Shares of fuboTV (FUBO 2.30%) have been on a rollercoaster since the company launched its initial public offering (IPO) in early October. After spiking more than 400%, the stock has been tumbling the last several trading sessions.
On Monday, the stock is off another 11% as of 10:05 a.m. EST, bringing its recent decline to more than 35%.
The drop gained momentum late last week after an analyst said the $40 stock is only worth $8.
The firm issuing the short call is LightShed Partners, led by Richard Greenfield. LightShed says fuboTV stock is the "most compelling short" it has discovered, and that the previous run-up in the share price was "egregious," as reported by Barron's.
Investors who already purchased fubo stock, or those who are looking into it after the recent drop, should read the short report. It's always beneficial to see both sides of an argument about an investment. That's what makes a market, after all.

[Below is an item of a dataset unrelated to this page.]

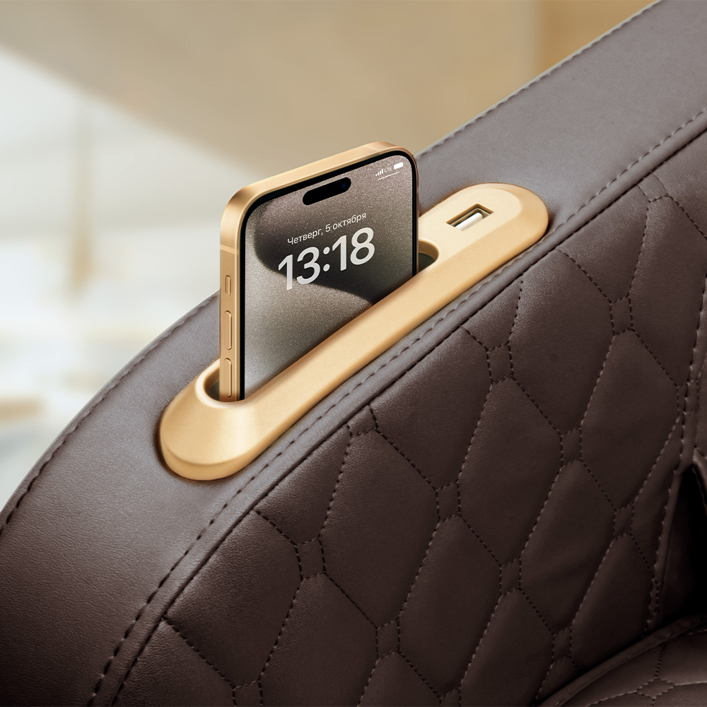 Благородный тёмно-коричневый цвет обивки отвечает тенденциям современного оформления жилых и коммерческих помещений. В сочетании с японским минимализмом, повышенным комфортом и капсульной геометрией это делает Osaka Light Brown идеальным вариантом массажной мебели. Вам всегда будут доступны эксклюзивные массажные программы и широкий функционал кресла, которые помогут расслабиться и насладиться новым телесным опытом.

The business itself is showing strong growth. The company had slightly more than 300,000 subscribers in 2019, but it was up to 455,000 paid subscribers as of the quarter ended Sept. 30, representing a 58% gain over the prior-year period.
But the sharp share price increase has also driven the valuation to lofty levels. Even after the 35% drop, the stock has a market capitalization of almost $3 billion, giving it a current price-to-sales ratio of more than 12.
Investors who have done the research and believe in the long-term story should consider the drop an opportunity. But that should come after they have read the other opinions and thought through all the factors making up the growth story.